South Sudan: Ex-child soldier runs successful business

By Parach Mach

JUBA, South Sudan (AA) – Not all former child soldiers lead a life of doom and gloom. James Okony is different.

In 2013, when he was only 15, an armed militia abducted him from his school in Gumuruk County in northeastern South Sudan, to fight a war he knew little about.

“We were turned into killers,” said Okony, now 19 years old.

Since the last two years after returning home, he battled poverty and stigmatization, and set up a successful business in capital Juba, which he says currently fetches him $36,000 a year.

Okony along with many other young boys was forced to fight for Cobra Faction, a local militia formerly led by the incumbent South Sudanese deputy defense minister Gen. David Yau Yau.

“We were taken by force and given guns to kill anyone,” Okony said.

He was held in captivity for nearly three years in the bushes of Gumuruk, leading a life in which bullets fetch you food.

– Building a new life

In 2015, after being demobilized along with 3,000 minors, he attended a rehabilitation program organized by the UNICEF and a local non-profit Grassroots for Empowerment and Development Organization.

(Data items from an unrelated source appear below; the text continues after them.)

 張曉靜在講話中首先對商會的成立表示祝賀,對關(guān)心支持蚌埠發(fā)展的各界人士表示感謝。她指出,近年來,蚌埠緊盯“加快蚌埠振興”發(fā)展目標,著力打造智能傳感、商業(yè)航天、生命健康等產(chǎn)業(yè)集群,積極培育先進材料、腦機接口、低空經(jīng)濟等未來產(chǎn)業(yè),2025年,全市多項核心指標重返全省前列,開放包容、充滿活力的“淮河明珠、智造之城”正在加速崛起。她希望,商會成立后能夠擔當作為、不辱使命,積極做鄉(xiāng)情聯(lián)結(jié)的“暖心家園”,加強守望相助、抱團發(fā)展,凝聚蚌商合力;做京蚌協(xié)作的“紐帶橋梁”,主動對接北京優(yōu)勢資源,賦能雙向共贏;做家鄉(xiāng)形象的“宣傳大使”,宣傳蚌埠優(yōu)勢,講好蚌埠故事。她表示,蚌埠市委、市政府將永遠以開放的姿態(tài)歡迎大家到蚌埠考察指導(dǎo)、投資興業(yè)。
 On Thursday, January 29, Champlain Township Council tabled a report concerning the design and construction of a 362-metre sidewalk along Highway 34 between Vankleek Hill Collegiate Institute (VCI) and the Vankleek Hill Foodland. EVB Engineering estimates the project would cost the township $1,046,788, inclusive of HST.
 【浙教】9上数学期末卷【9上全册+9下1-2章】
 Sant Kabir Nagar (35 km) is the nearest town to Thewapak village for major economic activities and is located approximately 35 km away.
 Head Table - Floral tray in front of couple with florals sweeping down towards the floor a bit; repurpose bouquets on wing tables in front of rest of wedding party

There, Okony was equipped with basic skills in entrepreneurship and resource management, which he says, restored his confidence and fueled his determination to rebuild his life.

“I wanted to build a new life,” he said.

Last year, Okony said he sold two goats given to him during the program for 11,600 South Sudanese pounds ($75), and invested the money into a charcoal business he started up in Mangeri, a small military base, about 30 kilometers (18.64 miles) from Juba.

Soon he had some big hotels buying from him. He even managed to employ a staff of four.

After his first shop reaped profits, her rented three more shops in Juba – one of which was located in Konya Konya area, a busy market in the capital.

“With 650,000 South Sudanese pounds (nearly $5,000) a month, I pay ten local clients and my staff, and still save 355,000 South Sudanese pounds, approximately $3000,” he said.

– Hopes and dreams

Okony hopes to expand his business into a multi-million pound enterprise.

In the long-run he wants to open a vocational training center to help former child soldiers.

In a country where the unemployment rate stands at 40 percent according to the National Bureau of Statistics and millions of graduates of higher institutions have no jobs, Okony is one of the few who have made use of a unique opportunity to create a livelihood for himself and others.

Experts blame the government for giving little or no attention to skill acquisition, which is a vital component of rehabilitation and reformation.

Lewis Anei Kueidit, an advisor at South Sudan’s Ministry of Labor, Child and Social Welfare said, “Without socio-economic reintegration, ex-child soldiers may be recruited again, something the government has deliberately failed to do.”

“Many former child soldiers risk going back to active military if their needs are not met. They feel isolated and fail to integrate into their communities,” Anei told Anadolu Agency on Wednesday.

South Sudan got independence in 2011 after more than five decades of brutal civil war with Sudan.

In December 2013, it slid into turmoil once again, and the conflict killed tens of thousands and forced 16,000 children to work as soldiers for the warring militias.

UNICEF supports government efforts to demobilize child soldiers. From July 2014 to May 2015 approximately 6,000 ex-combatants have been demobilized, including 3,000 from the Cobra Faction, which has now made peace with the government.